I just found the whole economy being a volcano waiting to blow up deadly lava bursts, and in that scenario, having a few funds in crypto might not be a bad thing. I think of it as a spreading of risk in a volatile economy, as crypto might benefit from a world economic collapse.

I didn't do it, though, mostly because I'm very much not a first mover of anything. I bide my time.


----------



## ptram (Jun 29, 2021)

I don't. But a few decades ago I asked my bank director how I could invest in Apple shares from Italy. He laughed and told me to avoid wasting money in something so volatile.

Paolo


----------



## Markrs (Jun 29, 2021)

kgdrum said:


> The entire crypto phenomena often leaves me puzzled. One aspect of crypto I really don’t understand and if someone could explain It I would appreciate it is* data-mining. *
> How does having super computers running mathematical calculations create bitcoin? I keep hearing people and governments complain that crypto data-mining takes too much energy and resources environmentally and I’m left more puzzled,data-mining creates bitcoin not other people investing? Some of this just doesn’t seem to make sense to my small old fashioned mind.
> Can someone please explain this to me?


It is just a way to limit supply but at the same time to ensure that those computers keep a log of transactions.

In the normal financial world there are centralised computers that track transactions, like those done by VISA and Mastercard. In a decentralised financial system this is done by 10,000s computers around the world that keep a copy of all transactions. This stops potential fraud as any attempt to manipulate the trade on one computer are wayed against the record on the 10,000s of computers running elsewhere.

To reward the owners of these computers they can "mine" for Crypto Currency, they mine by solving maths problems. To ensure that there is not over supply they reduce the number of coins that can be created by increasing the complexity of the math problem. They do this by monitoring all the people "mining" and if lots of people are trying to create a coin at the same time they make the math problem harder. This way ensuring that only a finite number of coins are created at any one time.


----------



## kgdrum (Jun 29, 2021)

Markrs said:


> It is just a way to limit supply but at the same time to ensure that those computers keep a log of transactions.
> 
> In the normal financial world there are centralised computers that track transactions, like those done by VISA and Mastercard. In a decentralised financial system this is done by 10,000s computers around the world that keep a copy of all transactions. This stops potential fraud as any attempt to manipulate the trade on one computer are wayed against the record on the 10,000s of computers running elsewhere.
> 
> To reward the owners of these computers they can "mine" for Crypto Currency, they mine by solving maths problems. To ensure that there is not over supply they reduce the number of coins that can be created by increasing the complexity of the math problem. They do this by monitoring all the people "mining" and if lots of people are trying to create a coin at the same time they make the math problem harder. This way ensuring that only a finite number of coins are created at any one time.
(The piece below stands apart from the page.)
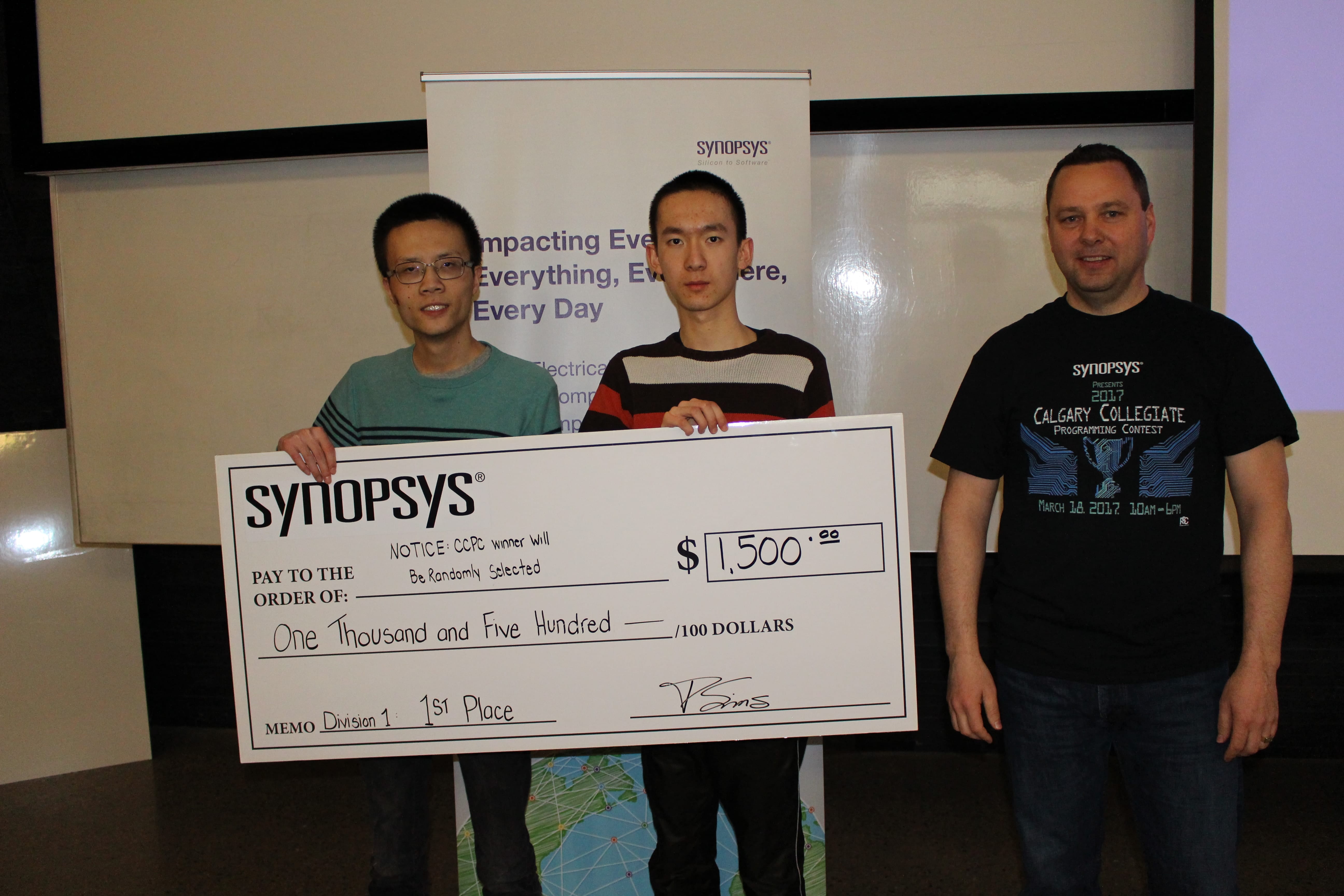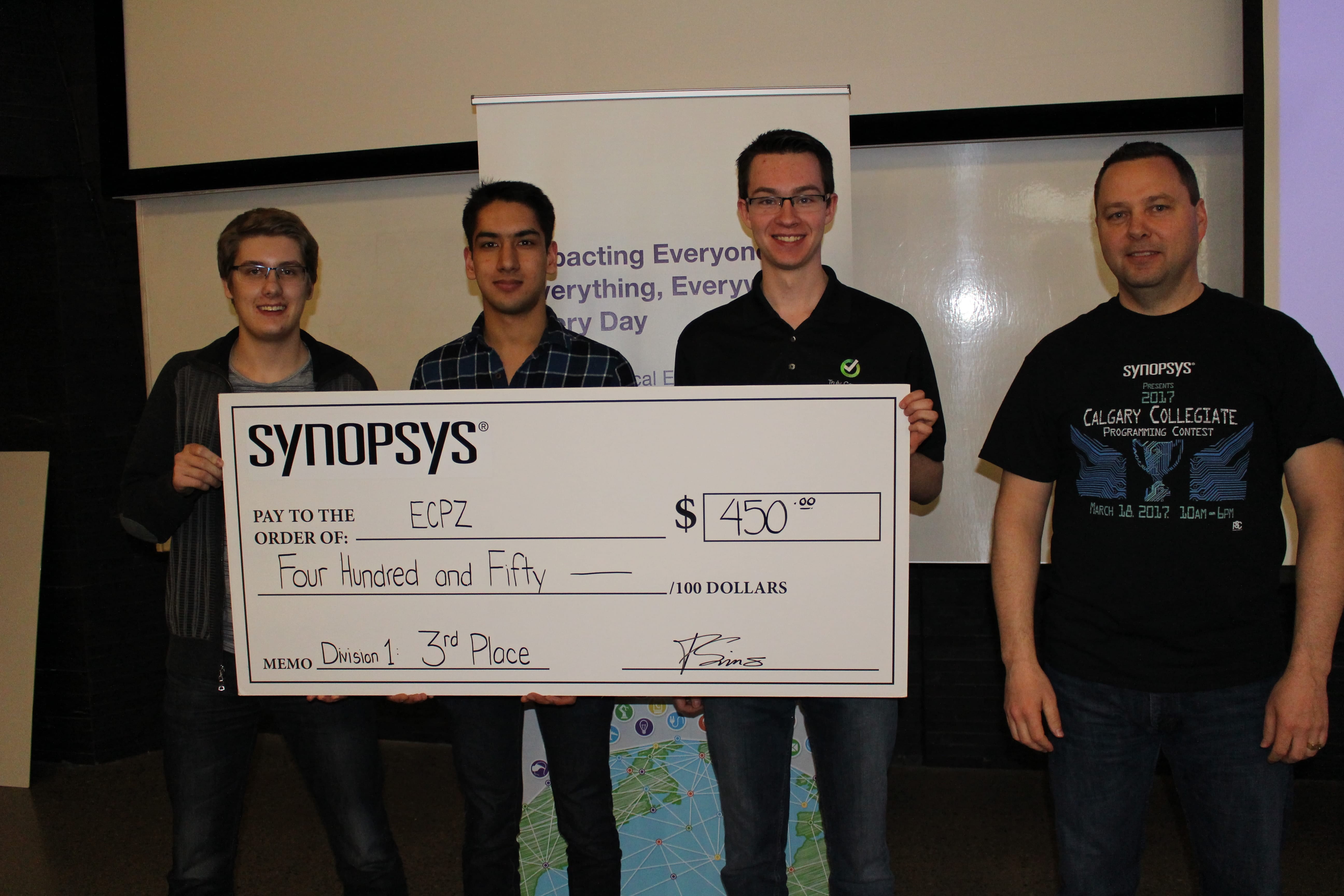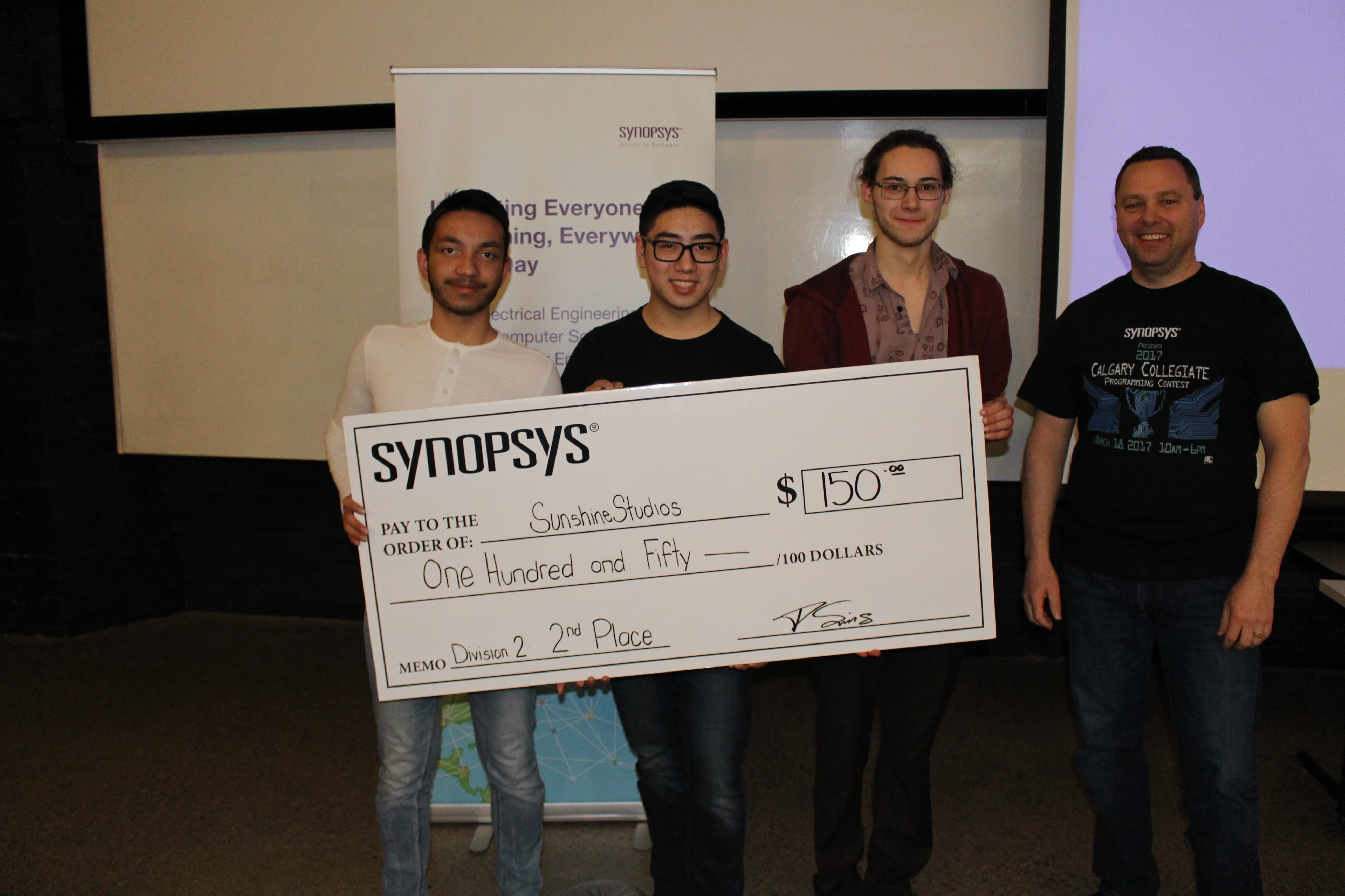 The Calgary Collegiate Programming Contest (CCPC) provides post-secondary students in Calgary with the opportunity to excel in an ACM ICPC-style programming competition. Students test their aptitude and knowledge against a set of programming puzzles requiring problem-solving, programming, math, and teamwork skills. Teams are ranked according to the number of problems solved within four hours. The CCPC is sponsored by Synopsys and provides a platform for the next generation of computing professionals to pursue excellence. Kattis has graciously sponsored the judging platform.

Thanks this is a good explanation but this still seems like crypto resides in bizarre-o world!


----------



## d.healey (Jun 29, 2021)

I have crypto, bitcoin, litecoin, and ethereum. I store them on a hardware wallet, Trezor, not an exchange. It's 100% a gamble unless you're Elon Musk or you trade hourly. I made a decent profit on some litecoin I bought 8 years ago. With the recent crash of crypto I've made a huge loss with the other two. I'm just going to sit on them for years and forget about them as I did with litecoin and hope their value increases. Don't gamble what you're not willing to lose. Use your ISA allowances before Crypto - premium bonds are safer too and tax free unlike crypto.


----------



## Markrs (Jun 29, 2021)

d.healey said:


> I have crypto, bitcoin, litecoin, and ethereum. I store them on a hardware wallet, Trezor, not an exchange. It's 100% a gamble unless you're Elon Musk or you trade hourly. I made a decent profit on some litecoin I bought 8 years ago. With the recent crash of crypto I've made a huge loss with the other two. I'm just going to sit on them for years and forget about them as I did with litecoin and hope their value increases. Don't gamble what you're not willing to lose. Use your ISA allowances before Crypto - premium bonds are safer too and tax free unlike crypto.
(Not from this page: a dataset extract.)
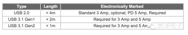Type-C电缆两端安装了Type-C连接器。其支持USB 2.0和USB 3.1的功能及数据传输速度,还可以实现PD。Type-C标准电缆的实际长度及电子标记的电缆需求见表3。实现PD和全功能Type-C电缆必须进行电子标记。从Vconn(或其他来源)中获得高达1W的功率来支持电缆的电子标记。
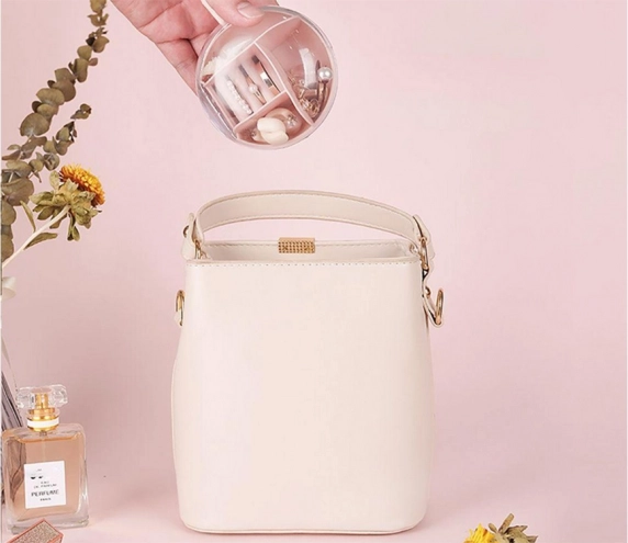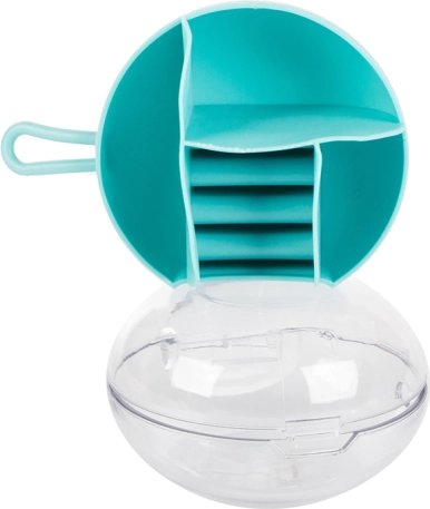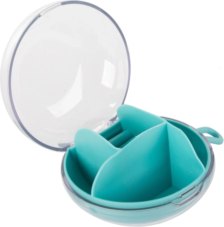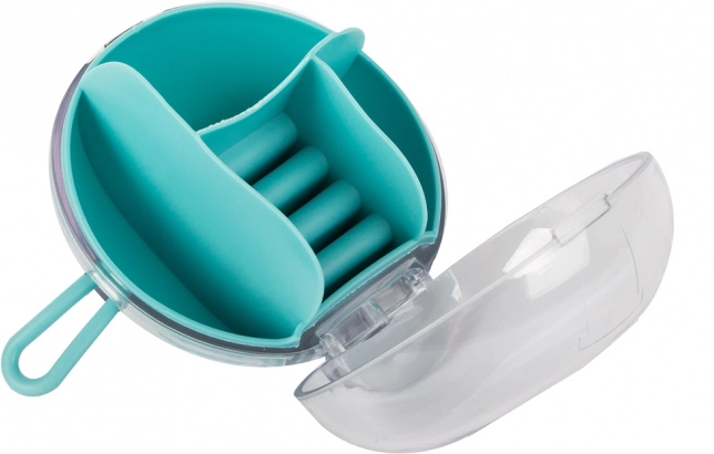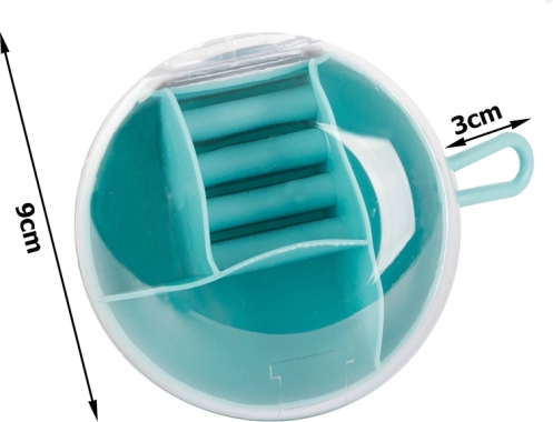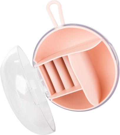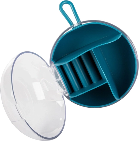 Gracias al organizador central extraíble, puedes usar parte de los compartimentos de forma independiente. Sus dimensiones compactas, diámetro de 9 cm y altura de 6 cm, lo convierten en la opción ideal para el bolso, la maleta o el tocador. Colores disponibles: rosa, azul marino, verde.

Great advice. As a general rule it is always better to play the long game with investments. As I need some of my money for a mortgage deposit in the next couple of years, I have mine is in LifeStrategy® 60% Equity Fund - Accumulation with Vanguard.

Basically where the money is split between, property, bonds, and share in markets across the world. The returns will be modest over the long term, but it is relatively low risk. Crypto is like betting, especially short term investing. Long term Crypto investments spread across numerous currencies are probably less risk, though still high risk compared to shares and other types of investments.


----------



## Technostica (Jun 29, 2021)

I have all my money invested in tulips, no risk there.


----------



## Markrs (Jun 29, 2021)

Technostica said:


> I have all my money invested in tulips, no risk there.


Yep absolutely no parallels with the Dutch Tulip mania 😂

In fairness ones like Etherium have so unique IP (most Crypto currencies work on open source code which makes them easily replicable, therefor less valuable), and they have looked at where blockchain technology can be used elsewhere, especially where this is reduced levels of transactions. This is a big weakness of blockchain technology when it compared to centralised record keeping.


----------



## JeffvR (Jun 29, 2021)

I invest in it! And I like it. To me, investing is better than leaving inflationary money on my bank account. And so far, Bitcoin is the best performing asset in the human history. You can make much more with altcoins if you trade with it, but most of them really go to zero long term. Also, it's nothing like the tulip mania https://www.coininsider.com/bitcoin-tulip-mania/


----------



## Markrs (Jun 29, 2021)

JeffvR said:


> I invest in it! And I like it. To me, investing is better than leaving inflationary money on my bank account. And so far, Bitcoin is the best performing asset in the human history. You can make much more with altcoins if you trade with it, but most of them really go to zero long term. Also, it's nothing like the tulip mania https://www.coininsider.com/bitcoin-tulip-mania/


Bit coin does serve a transactional purpose. It's weakness is that it is easily replicable, which has happened a lot, it also doesn't scale well without high costs. It's underlying blockchain technology struggles with high numbers of transactions per second as well as the time latency of updating all the blockchain.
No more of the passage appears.